- Recorded information -
--*--
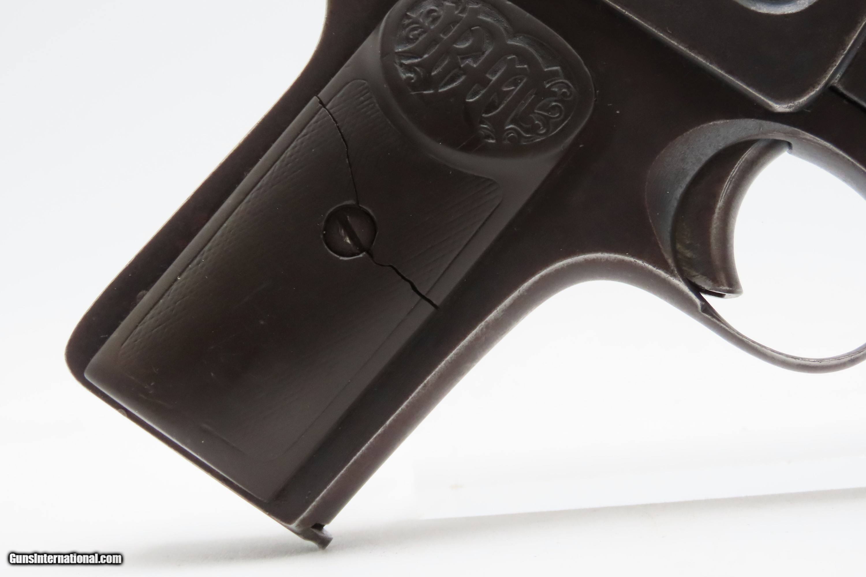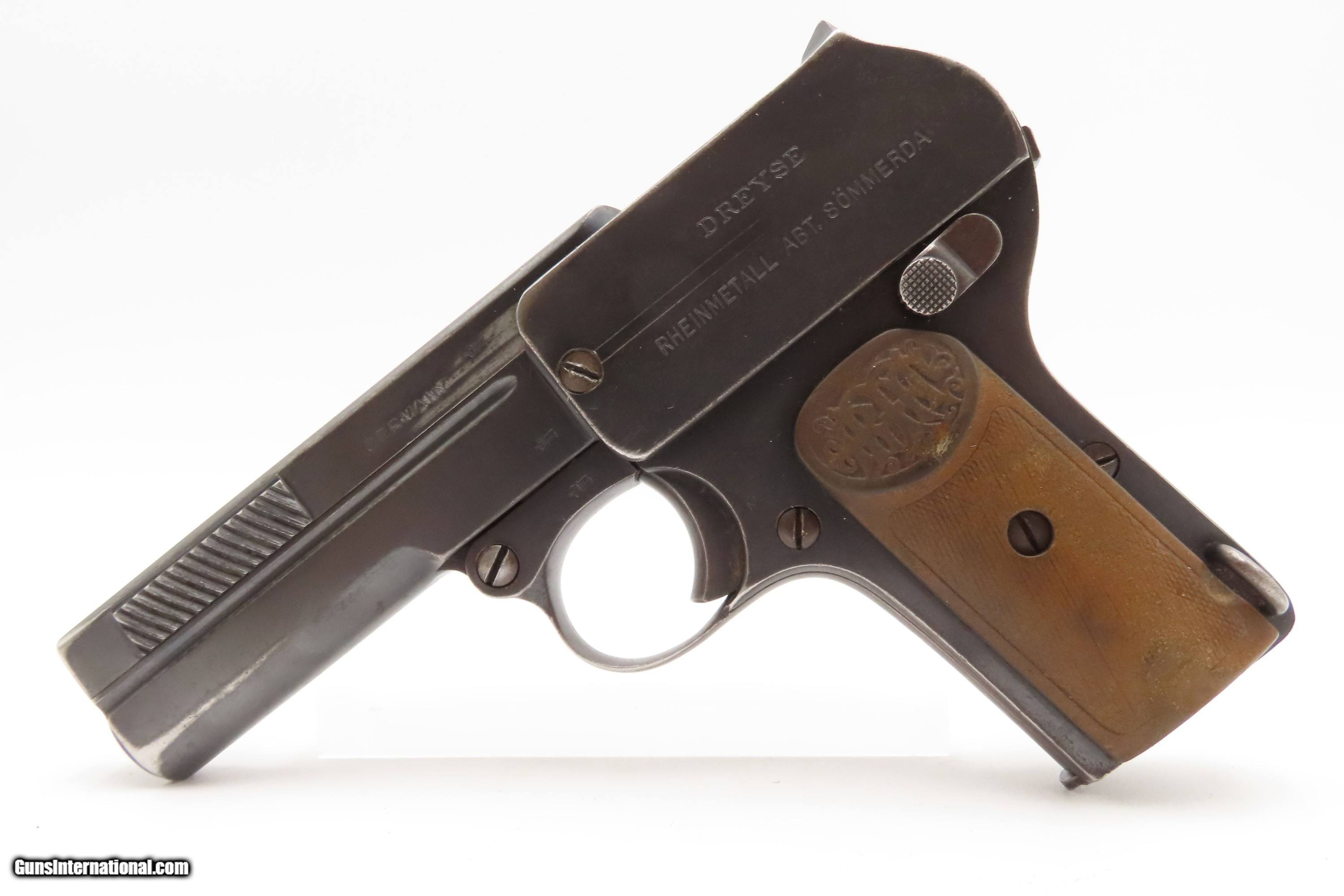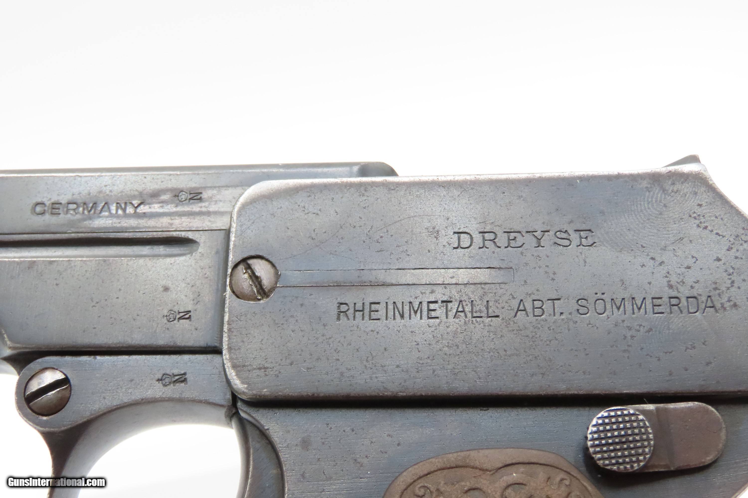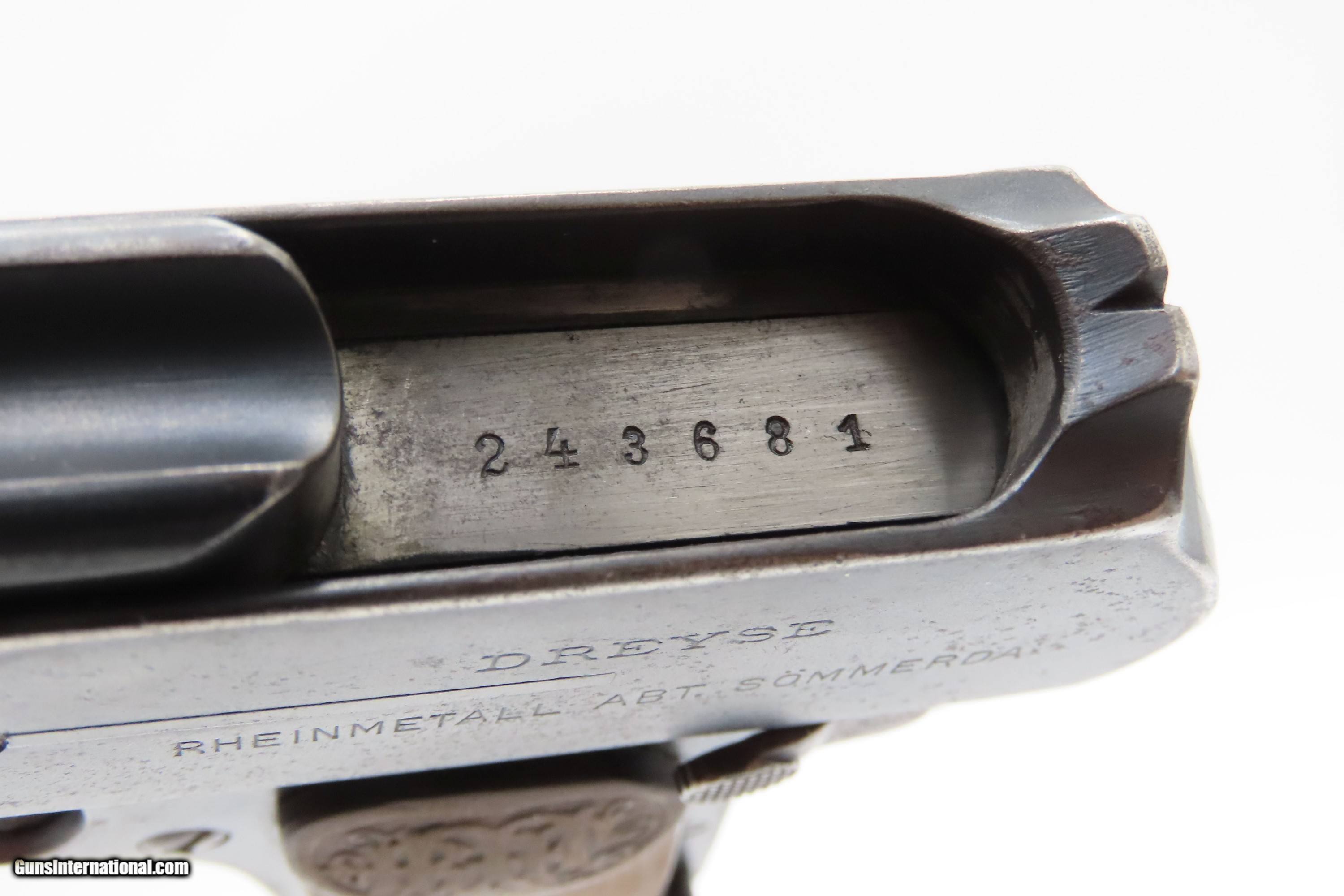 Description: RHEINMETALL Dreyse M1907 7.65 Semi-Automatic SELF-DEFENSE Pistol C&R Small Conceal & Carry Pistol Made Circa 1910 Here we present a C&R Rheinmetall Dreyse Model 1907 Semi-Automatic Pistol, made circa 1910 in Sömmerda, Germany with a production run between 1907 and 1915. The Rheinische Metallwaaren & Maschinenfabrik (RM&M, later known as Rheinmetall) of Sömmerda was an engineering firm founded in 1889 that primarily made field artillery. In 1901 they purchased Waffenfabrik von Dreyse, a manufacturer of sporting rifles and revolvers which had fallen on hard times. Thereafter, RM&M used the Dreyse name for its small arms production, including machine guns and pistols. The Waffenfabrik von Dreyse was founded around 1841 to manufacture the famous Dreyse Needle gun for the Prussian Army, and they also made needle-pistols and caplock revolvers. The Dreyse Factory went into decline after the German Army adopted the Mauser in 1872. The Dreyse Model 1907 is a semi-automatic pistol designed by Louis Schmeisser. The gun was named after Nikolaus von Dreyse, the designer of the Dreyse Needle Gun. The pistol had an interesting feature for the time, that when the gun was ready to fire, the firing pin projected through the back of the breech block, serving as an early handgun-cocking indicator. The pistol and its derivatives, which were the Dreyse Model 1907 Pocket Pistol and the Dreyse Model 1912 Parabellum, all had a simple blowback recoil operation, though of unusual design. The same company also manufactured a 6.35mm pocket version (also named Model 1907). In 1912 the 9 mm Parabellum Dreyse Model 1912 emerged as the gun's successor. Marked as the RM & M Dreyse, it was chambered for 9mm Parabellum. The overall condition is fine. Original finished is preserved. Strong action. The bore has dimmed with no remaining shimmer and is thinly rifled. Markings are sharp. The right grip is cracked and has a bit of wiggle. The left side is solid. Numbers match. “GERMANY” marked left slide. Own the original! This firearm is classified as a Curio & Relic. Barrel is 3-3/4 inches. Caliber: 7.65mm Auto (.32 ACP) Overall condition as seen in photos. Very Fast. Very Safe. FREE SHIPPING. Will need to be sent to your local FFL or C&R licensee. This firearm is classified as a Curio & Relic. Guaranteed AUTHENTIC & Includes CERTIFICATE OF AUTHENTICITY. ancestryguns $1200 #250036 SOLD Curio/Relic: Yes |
--*--
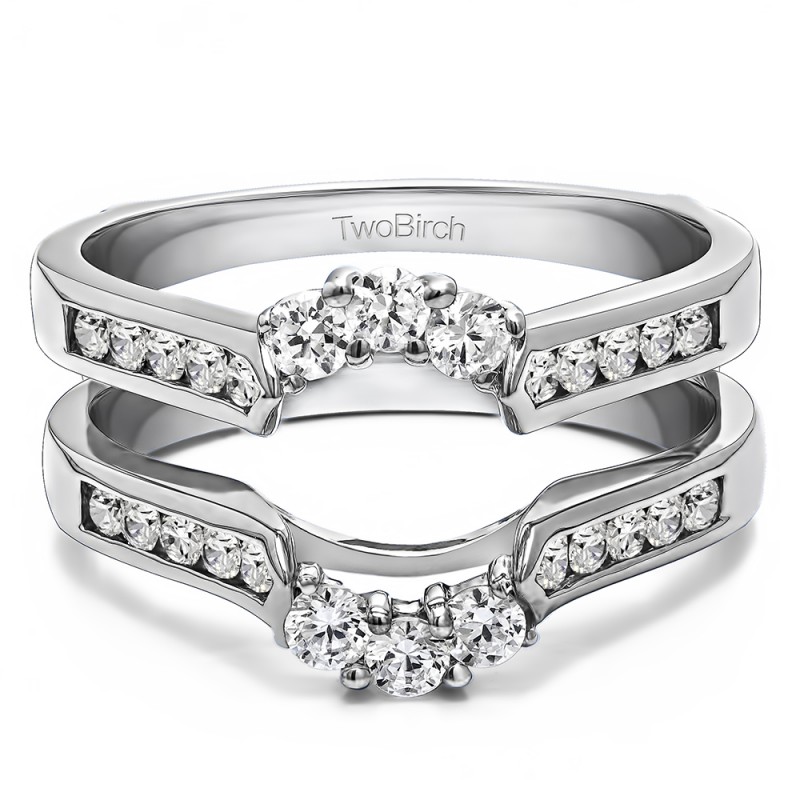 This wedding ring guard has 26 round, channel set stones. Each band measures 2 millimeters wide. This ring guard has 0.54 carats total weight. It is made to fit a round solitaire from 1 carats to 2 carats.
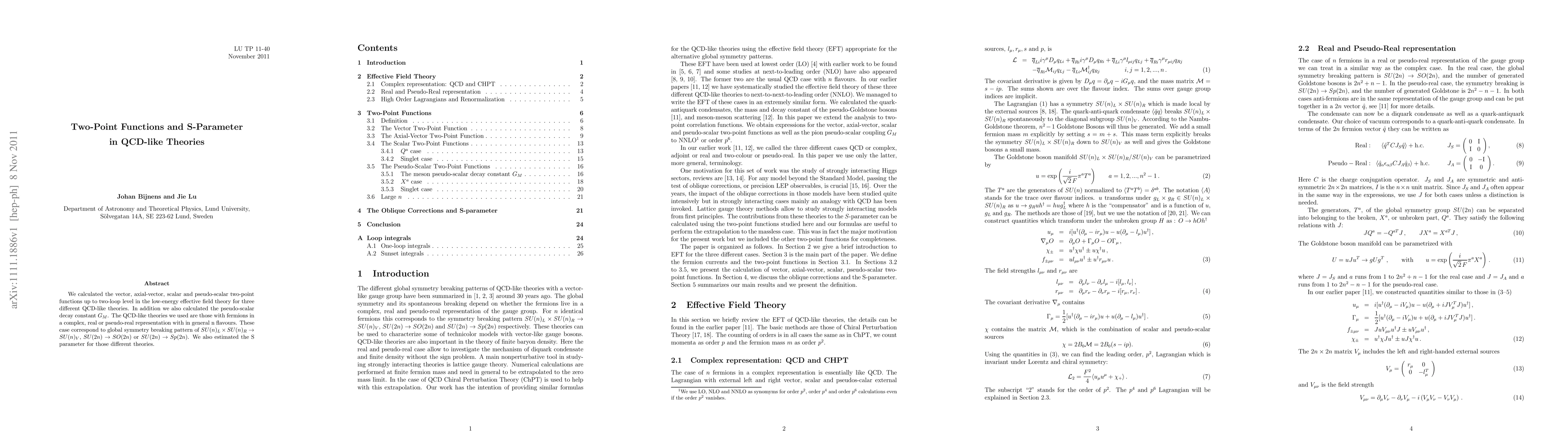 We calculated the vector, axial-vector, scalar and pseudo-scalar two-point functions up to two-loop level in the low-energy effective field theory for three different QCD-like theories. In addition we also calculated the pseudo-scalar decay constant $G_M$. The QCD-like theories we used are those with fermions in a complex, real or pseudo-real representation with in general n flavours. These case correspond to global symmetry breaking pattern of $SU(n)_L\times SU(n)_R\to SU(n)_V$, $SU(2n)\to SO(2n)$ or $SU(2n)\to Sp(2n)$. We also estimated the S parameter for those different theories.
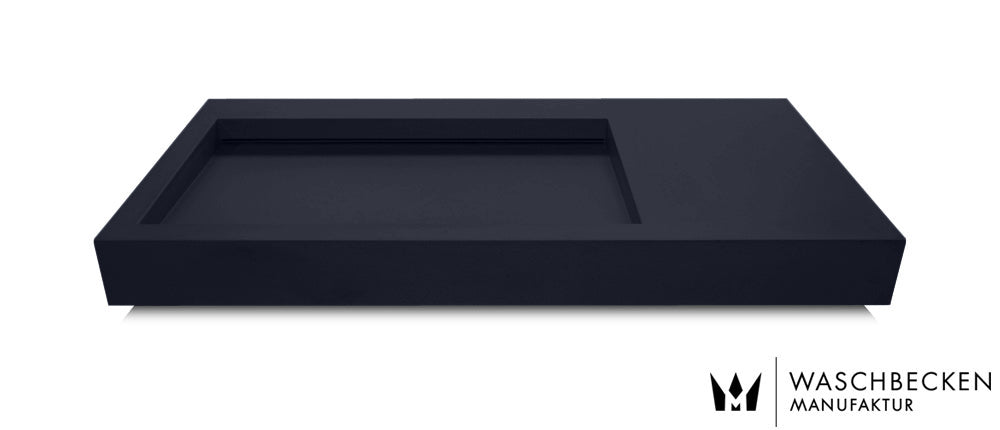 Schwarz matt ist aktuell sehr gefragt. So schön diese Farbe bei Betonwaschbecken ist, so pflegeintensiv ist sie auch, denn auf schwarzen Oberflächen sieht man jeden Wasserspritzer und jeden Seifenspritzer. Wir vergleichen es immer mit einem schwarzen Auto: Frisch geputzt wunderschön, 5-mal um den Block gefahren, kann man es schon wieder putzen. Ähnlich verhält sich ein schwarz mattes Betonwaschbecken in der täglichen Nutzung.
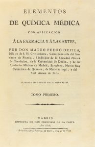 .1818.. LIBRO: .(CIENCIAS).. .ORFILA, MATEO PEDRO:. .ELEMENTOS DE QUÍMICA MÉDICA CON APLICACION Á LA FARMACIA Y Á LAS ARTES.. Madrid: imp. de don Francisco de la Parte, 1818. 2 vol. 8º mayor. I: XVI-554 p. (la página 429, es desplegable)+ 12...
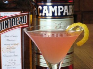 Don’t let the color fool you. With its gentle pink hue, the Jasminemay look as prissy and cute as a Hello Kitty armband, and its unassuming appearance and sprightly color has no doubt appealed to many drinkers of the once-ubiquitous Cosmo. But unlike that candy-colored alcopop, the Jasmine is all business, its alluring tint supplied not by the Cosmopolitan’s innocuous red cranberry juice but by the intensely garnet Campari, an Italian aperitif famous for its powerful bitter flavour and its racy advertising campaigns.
--*--
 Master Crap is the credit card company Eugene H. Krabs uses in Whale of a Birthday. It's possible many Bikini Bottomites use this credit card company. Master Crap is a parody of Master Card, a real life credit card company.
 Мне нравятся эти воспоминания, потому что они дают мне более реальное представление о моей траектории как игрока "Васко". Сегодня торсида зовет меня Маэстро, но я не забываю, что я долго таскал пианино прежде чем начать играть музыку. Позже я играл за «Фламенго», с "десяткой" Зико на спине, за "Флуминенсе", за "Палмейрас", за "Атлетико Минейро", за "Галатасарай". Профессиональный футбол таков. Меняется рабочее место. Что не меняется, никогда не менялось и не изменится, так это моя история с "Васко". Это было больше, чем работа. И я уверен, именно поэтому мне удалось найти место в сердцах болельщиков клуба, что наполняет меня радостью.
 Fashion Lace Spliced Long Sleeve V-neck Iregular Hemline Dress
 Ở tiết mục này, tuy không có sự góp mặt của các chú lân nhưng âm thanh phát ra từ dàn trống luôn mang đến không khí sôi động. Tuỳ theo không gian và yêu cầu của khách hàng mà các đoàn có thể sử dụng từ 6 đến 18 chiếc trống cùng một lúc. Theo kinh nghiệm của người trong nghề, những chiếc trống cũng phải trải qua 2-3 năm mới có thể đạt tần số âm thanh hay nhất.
--*--
- Problem description -
Above this instruction are the records; retype exactly the lines from the one containing "Мне нравятся эти" up to and including the one containing "Ở tiết mục này, tuy".

- Result for this exercise -
 Мне нравятся эти воспоминания, потому что они дают мне более реальное представление о моей траектории как игрока "Васко". Сегодня торсида зовет меня Маэстро, но я не забываю, что я долго таскал пианино прежде чем начать играть музыку. Позже я играл за «Фламенго», с "десяткой" Зико на спине, за "Флуминенсе", за "Палмейрас", за "Атлетико Минейро", за "Галатасарай". Профессиональный футбол таков. Меняется рабочее место. Что не меняется, никогда не менялось и не изменится, так это моя история с "Васко". Это было больше, чем работа. И я уверен, именно поэтому мне удалось найти место в сердцах болельщиков клуба, что наполняет меня радостью.
 Fashion Lace Spliced Long Sleeve V-neck Iregular Hemline Dress
 Ở tiết mục này, tuy không có sự góp mặt của các chú lân nhưng âm thanh phát ra từ dàn trống luôn mang đến không khí sôi động. Tuỳ theo không gian và yêu cầu của khách hàng mà các đoàn có thể sử dụng từ 6 đến 18 chiếc trống cùng một lúc. Theo kinh nghiệm của người trong nghề, những chiếc trống cũng phải trải qua 2-3 năm mới có thể đạt tần số âm thanh hay nhất.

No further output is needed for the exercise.